YOUR INSTRUCTIONS: Skip the pictures and give back the rest of the listing exactly.

SOURCE DATA:

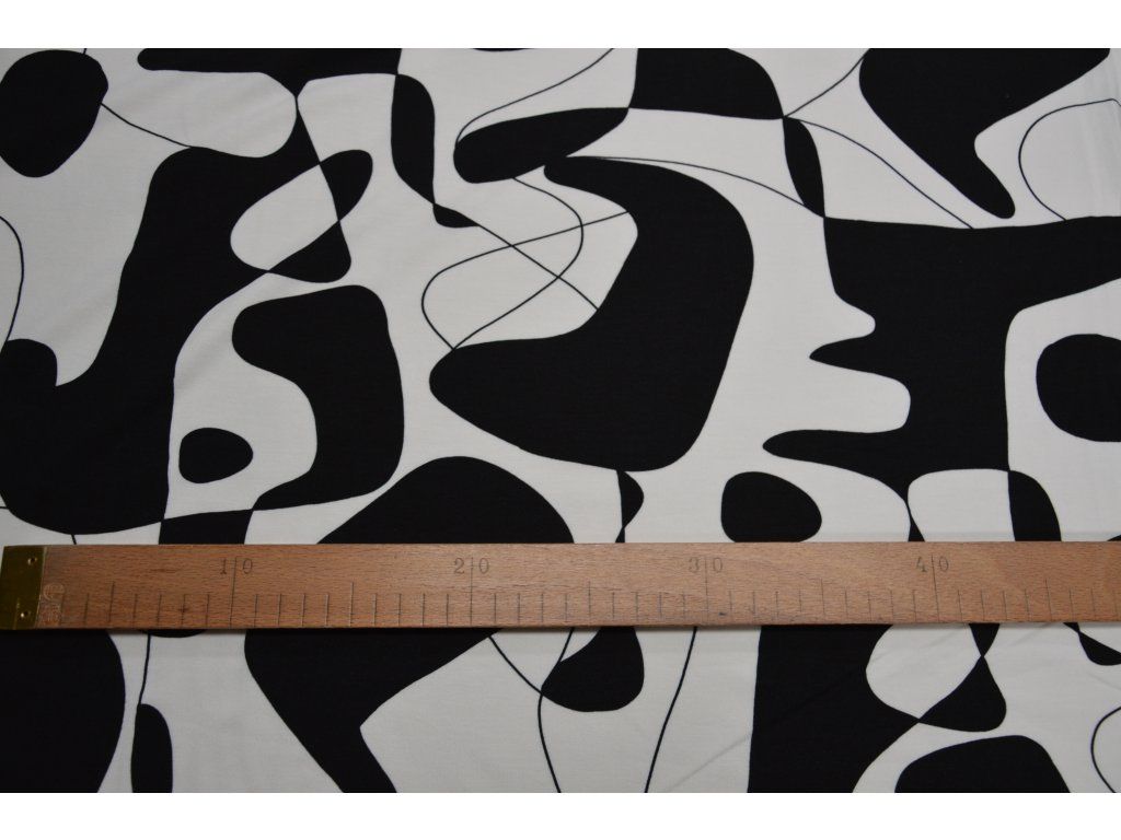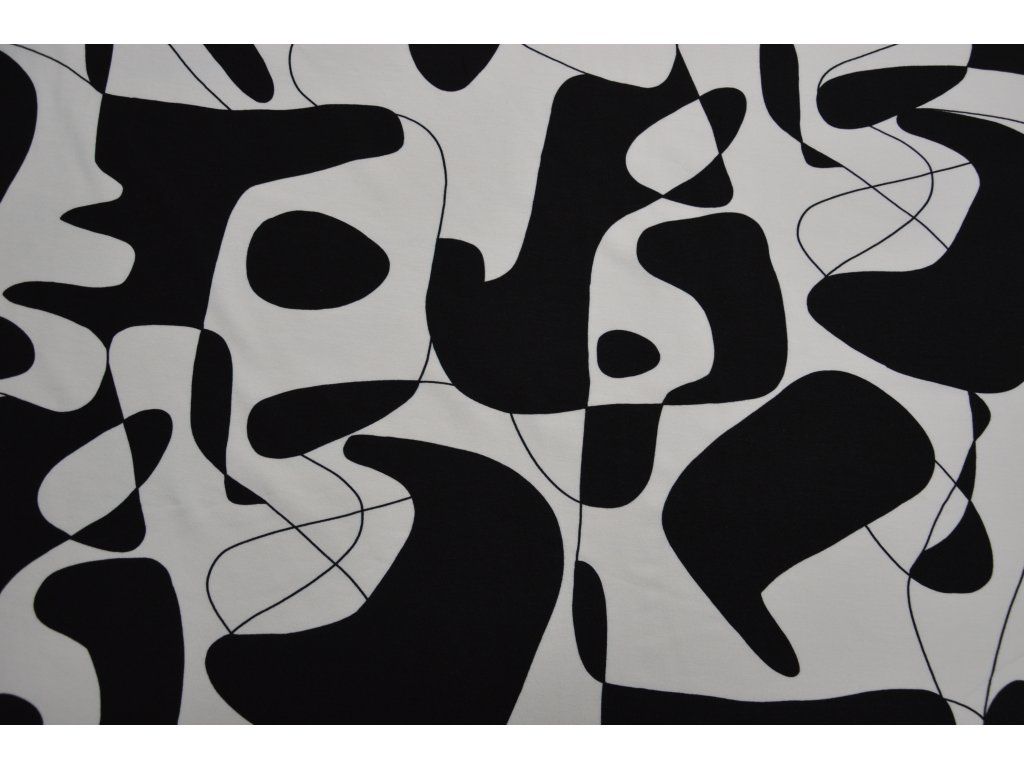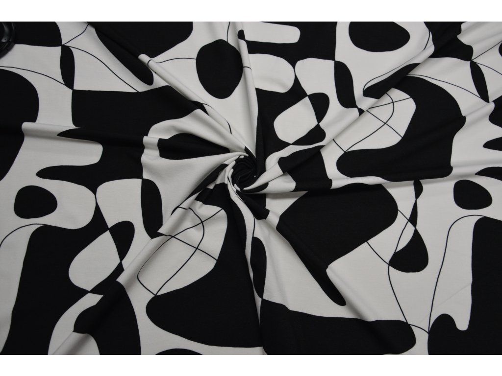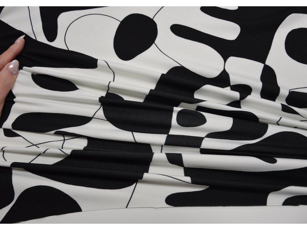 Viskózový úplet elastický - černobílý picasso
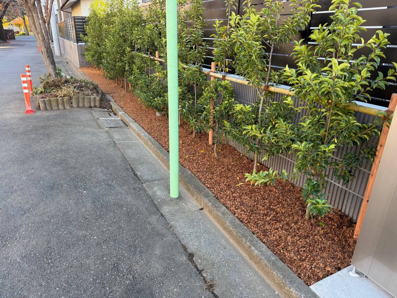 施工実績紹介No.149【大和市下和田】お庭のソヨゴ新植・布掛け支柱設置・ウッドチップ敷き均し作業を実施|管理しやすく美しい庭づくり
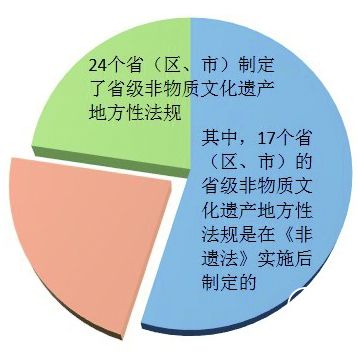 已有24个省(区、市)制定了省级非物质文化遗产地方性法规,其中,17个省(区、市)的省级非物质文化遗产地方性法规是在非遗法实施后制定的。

RESULT FOR THIS TASK:
 Viskózový úplet elastický - černobílý picasso
 施工実績紹介No.149【大和市下和田】お庭のソヨゴ新植・布掛け支柱設置・ウッドチップ敷き均し作業を実施|管理しやすく美しい庭づくり
 已有24个省(区、市)制定了省级非物质文化遗产地方性法规,其中,17个省(区、市)的省级非物质文化遗产地方性法规是在非遗法实施后制定的。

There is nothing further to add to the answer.